TABLE-US-00004 TABLE 4 WTD.sub.1 WTD.sub.2 WTD.sub.n Blade_Load_Ind 4.002E+03 4.344E+03 4.172E+03 Blade_Load_dev_Ind 2.444E+02 3.050E+02 1.811E+02 Power_Active_Mean 1.300E+03 1.465E+03 1.370E+03 Power_Active_Min 1.067E+03 1.175E+03 1.195E+03 Power_Active_Max 1.502E+03 1.757E+03 1.568E+03 Power_Active_dev 1.081E+02 1.707E+02 6.498E+01 Rotor_Speed_Mean 1.179E+01 1.223E+01 1.205E+01 Rotor_Speed_Min 1.117E+01 1.170E+01 1.153E+01 Rotor_Speed_Max 1.224E+01 1.258E+01 1.240E+01 Rotor_Speed_dev 3.198E01 2.755E01 1.818E01 . . . . . . . . . . . .

[0166] Here, Mean means the mean value, Min means the minimum value, Max means the maximum value, dev means the standard deviation and Ind means a fatigue load indicator. It shall be understood that (as indicated by . . . ) a plurality of further data may be contained.

[0167] In an (optional) step 204, a training of the machine learning model is performed using the generated wind power training data sets. Preferably, a portion of the generated wind power training data sets may be used as validation data sets. In particular, in a conventional manner, a machine learning model preferably in the form of a neural network may be trained. Here, for an input, a wind power training data set can be transformed into a vector, a matrix and/or a tensor.

[0168] FIG. 3 shows a diagram of a further embodiment of a method according to the present application. In order to avoid repetitions, essentially only the differences to the embodiment according to FIG. 2 are described below and otherwise reference is made to the previous explanations.

[0169] In order to provide the at least one load data set, a measuring of at least one load parameter of the reference wind turbine (i.e., of at least one component of the reference wind turbine) during a measurement period (preferably at least 6 months) may be performed in step 301.

[0170] In particular, an at least nearly continuous measurement and thus monitoring may be performed. As has already been described, the measuring of the at least one load parameter can in particular be carried out according to the IEC 61400-13 standard [2]. Preferably, the load parameter values of a plurality of load parameters of a plurality of components of the reference wind turbine can be measured.

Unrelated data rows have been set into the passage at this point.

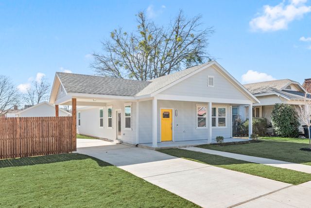 FIRST local home for sale in partnership with the Fort Worth Community Land Trust, a non-profit organization opening doors for Buyers who never thought home ownership possible. How it works: the Trust maintains ownership of the land, Buyers sign a ground lease to purchase the structures built on the land. Since the land value isn’t included in the price OR the mortgage financing, costs are considerably reduced for the purchaser! PLUS, SELLER PAYS TITLE-SURVEY and there’s up to $25K DOWN PAYMENT ASSISTANCE for qualified Buyers. This KEEPS THE LOAN EVEN LOWER, NEARER $210K! Some of the assistance can be used for rate buy-down or closing costs too. Criteria include NON-INVESTORS who have NOT OWNED A HOME IN 3 yrs, who meet the following INCOME LIMITS: Households with 2 people can earn max $68,300 - 3 no more than $76,850 - 4 is a max of $85,350 – 5 max $92,200. CONTACTING YOUR REAL ESTATE AGENT IS A MUST - they have access to income charts, program details and Lender info (must be approved by the Trust). Once vetted, your Agent can show this amenity-rich 1474-sqft ONE STORY less than 5-mi from Downtown Fort Worth in a Historic neighborhood. The property has a full-length covered front rain-porch, ENORMOUS yard, fiber cement siding, 6-ft wood fence, 3 beds, 2 full baths, 2 covered parking spaces. Which includes a 1-car oversized detached Garage with insulated panels & pedestrian door…and a 1-car Porte Cochere with direct access indoors. Inside, the Kitchen is wide OPEN to living-dining rooms with water line to fridge, microwave, vent mechanism, dishwasher, disposal, massive counter-height island eating, sizable hallway pantry. Primary is ensuite. There are 2 walk-in closets and both baths have Quartz countertops. Laundry is separate, full-size. PERKS! Foam insulation, ring doorbell, LED lighting, low-E double-pane windows, woodsy luxury vinyl plank, window blinds, heat pump, electric water heater, curbs, sidewalks, extra driveway parking. Builder’s Warranty included. 3% Buyer's Agent commission!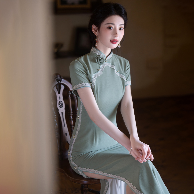 2025春夏の新型チャイナドレス新中国式緑の優雅な修身チャイナドレスのレースの花の若いチャイナドレス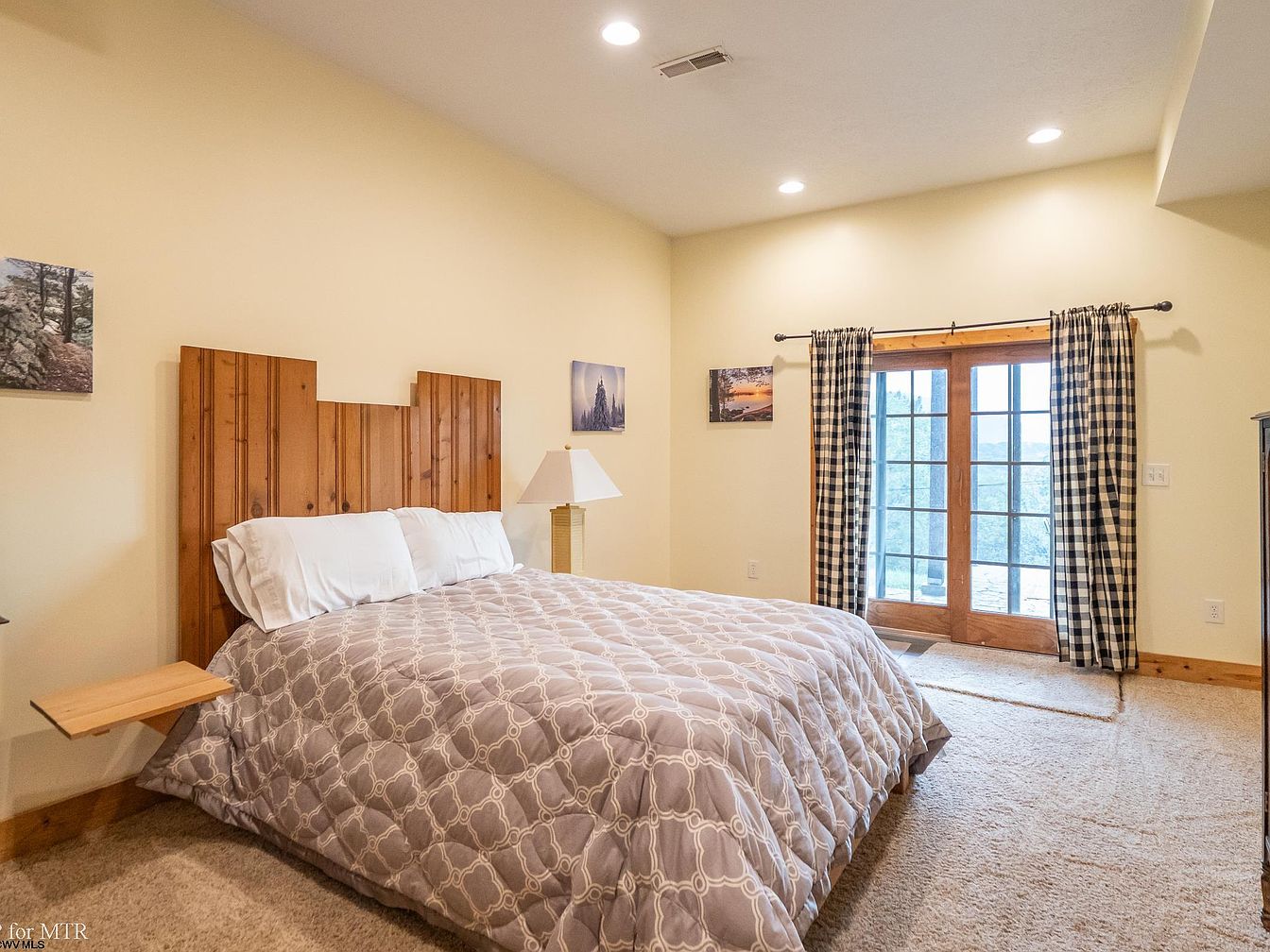 A spacious master bedroom featuring plush beige carpeting and soft lemon cream walls, creating a warm and inviting atmosphere. The focus is a large bed with a distinct wood-plank headboard and crisp white linens, ideal for restful nights. Natural light pours in through French doors with black-and-white checkered curtains, adding a cozy touch and offering easy access to the outdoors. Gentle recessed lighting and scenic wall art enhance the relaxing feel. The uncluttered layout is both functional and family-friendly, perfect for unwinding as a couple or with young children seeking comfort and closeness.
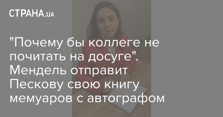 "Дмитрий Сергеевич, решила прислать вам свою книгу "Каждый из нас президент" как от бывшего пресс-секретаря президента Украины пресс-секретарю президента России. Возможно вам будет полезно узнать, что в мире существует не только ваша точка зрения", - сказала Мендель в ролике.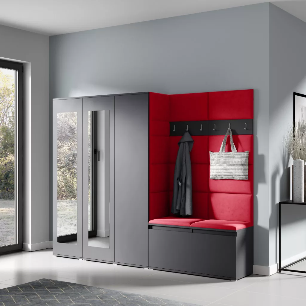 Blum 15 kárpitozott előszobafal tükörrel, grafit - rubinvörös 24 - egyedi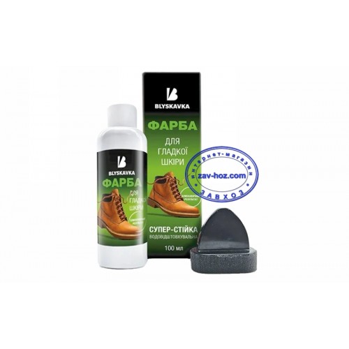 Блискавка —профессиональная краска для кожаных изделий, подходит для любого типа кожи. Интенсивно и глубоко прокрашивает изношенные места. Возобновляет цвет, защищает от влаги и соли, придает блеск, легко наносится, быстро впитывается, отменно полируется.

[0171] In step 303, which may be performed at least partially in parallel with step 301, a converting of the at least one measured load parameter value of the reference wind turbine into at least one fatigue load indicator may be performed. Preferably, all load parameter values may be converted. In particular, the converting may be based on a Rainflow Counting method. Particularly preferably, converting the at least one measured load parameter value of the reference wind turbine into at least one fatigue load indicator can be performed according to the ASTM E1049-85(2017) standard.

[0172] Furthermore, in step 303, the load data sets may be formed. For this purpose, the fatigue load indicators may be subdivided (in particular, according to the time stamp with which the load parameter values (respectively the corresponding sample values) are provided) into a plurality of load data sets each having a previously described load data time period. Preferably, the load data time period may correspond to the operation data time period. In particular, an operation data time period is associated with each provided (SCADA) operation data set.

[0173] The operation parameter values of the at least one operation parameter can be detected during the measurement time period and, in particular, provided (in a known manner) in the form of operation data sets in step 302 (cf. e.g., Table 1 and/or 2).

[0174] In step 304, a generating of a plurality of wind power training data sets (cf. Table 4) for training a machine learning model is performed by synchronized assigning of a respective operation data set to a respective load data set, as described before.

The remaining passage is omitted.